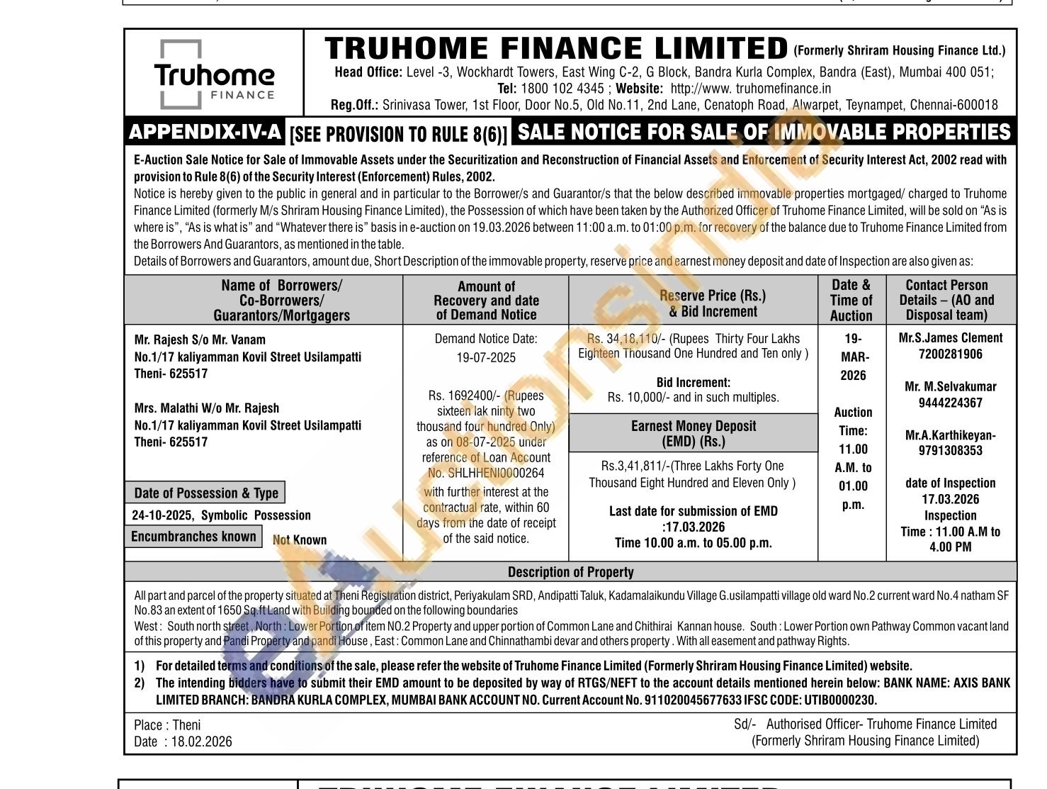 All part and parcel of the property situated at Theni Registration district, Periyakulam SRD, Andipatti Taluk, Kadamalaikundu Village G.usilampatti village old ward No.2 current ward No.4 natham SF No.83 an extent of 1650 Sq.ft Land with Building bounded on the following boundaries West: South north street, North: Lower Portion of item NO.2 Property and upper portion of Common Lane and Chithirai Kannan house. South: Lower Portion own Pathway Common vacant land of this property and Pandi Property and pandi House, East: Common Lane and Chinnathambi devar and others property. With all easement and pathway Rights.
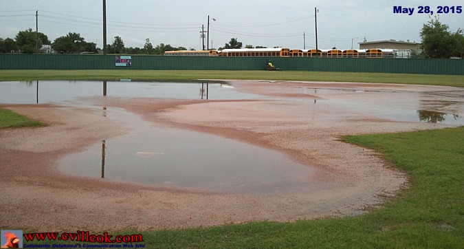 Home plate and the majority of the infield were underwater at the north softball field after Thursday morning's downpour. |
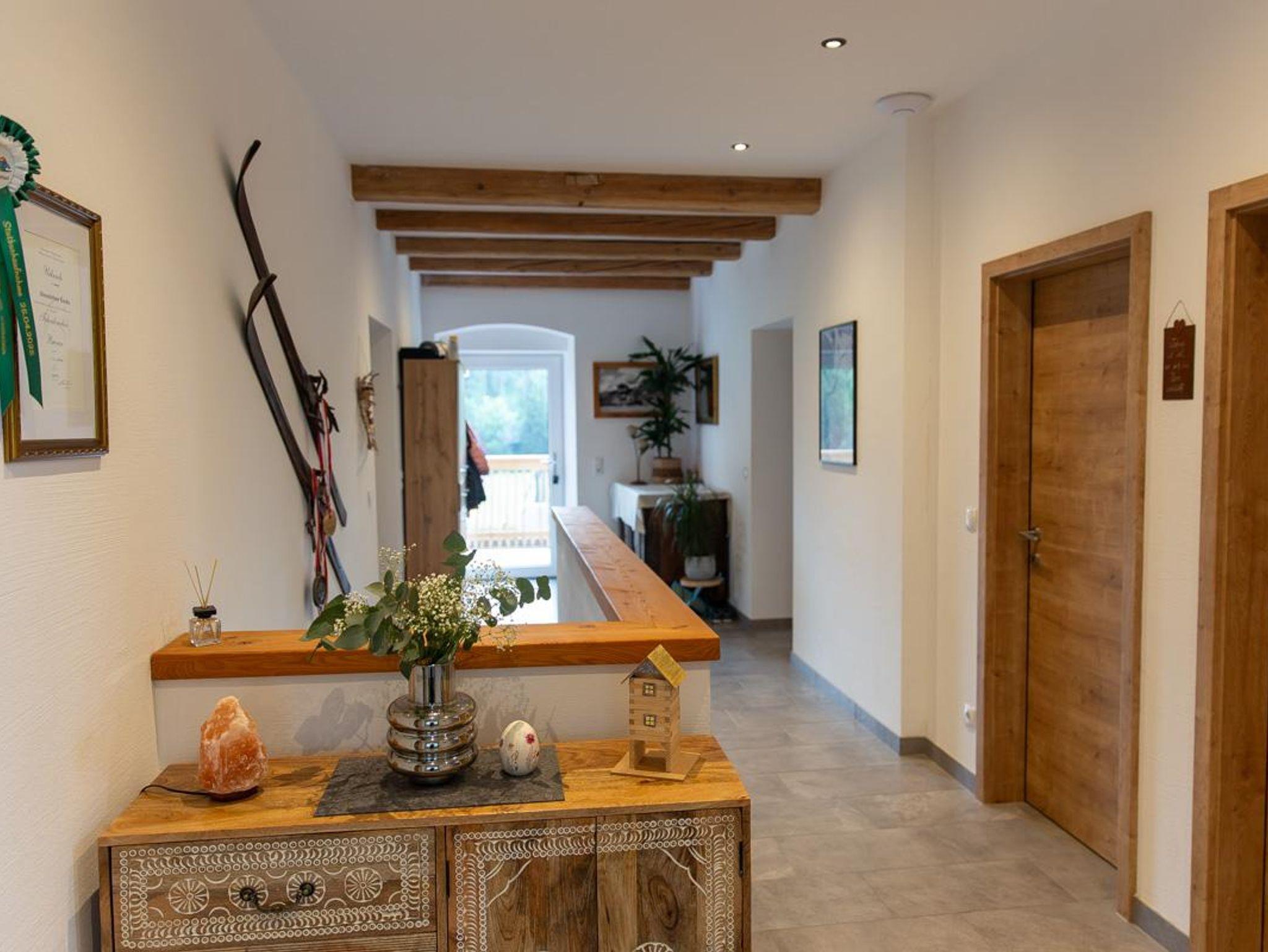 Über den gemeinsam genutzten Stiegenaufgang erreichen Sie die modern eingerichtete Wohneinheit. Diese besticht duch den gemütlich-alpinen Stil mit vielen Holz-Elementen.
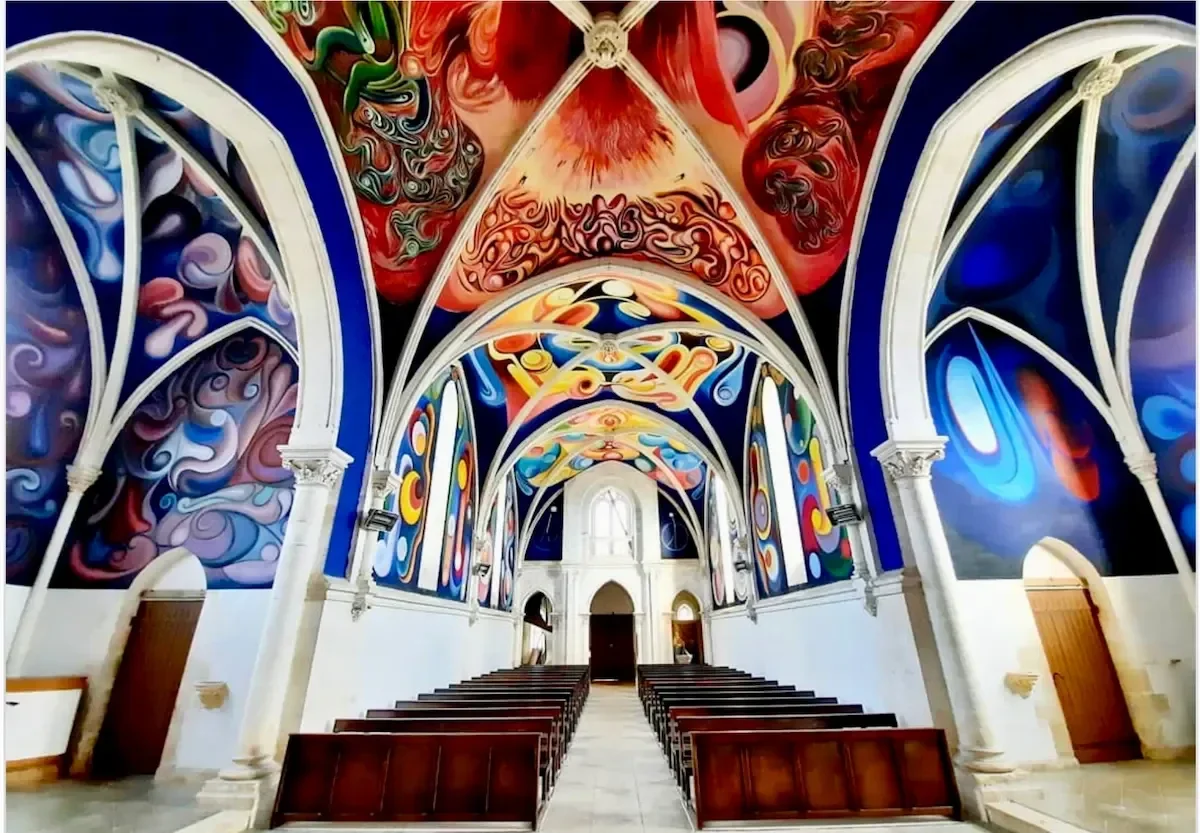 Aarzel niet om de deur van deze bescheiden 19e-eeuwse kerk open te duwen! Van vloer tot plafond een zeldzame en magnifieke fresco,s.

— Requirement —
Exclude every image and return the material above exactly.

— The completed task —
 All part and parcel of the property situated at Theni Registration district, Periyakulam SRD, Andipatti Taluk, Kadamalaikundu Village G.usilampatti village old ward No.2 current ward No.4 natham SF No.83 an extent of 1650 Sq.ft Land with Building bounded on the following boundaries West: South north street, North: Lower Portion of item NO.2 Property and upper portion of Common Lane and Chithirai Kannan house. South: Lower Portion own Pathway Common vacant land of this property and Pandi Property and pandi House, East: Common Lane and Chinnathambi devar and others property. With all easement and pathway Rights.
 Home plate and the majority of the infield were underwater at the north softball field after Thursday morning's downpour. |
 Über den gemeinsam genutzten Stiegenaufgang erreichen Sie die modern eingerichtete Wohneinheit. Diese besticht duch den gemütlich-alpinen Stil mit vielen Holz-Elementen.
 Aarzel niet om de deur van deze bescheiden 19e-eeuwse kerk open te duwen! Van vloer tot plafond een zeldzame en magnifieke fresco,s.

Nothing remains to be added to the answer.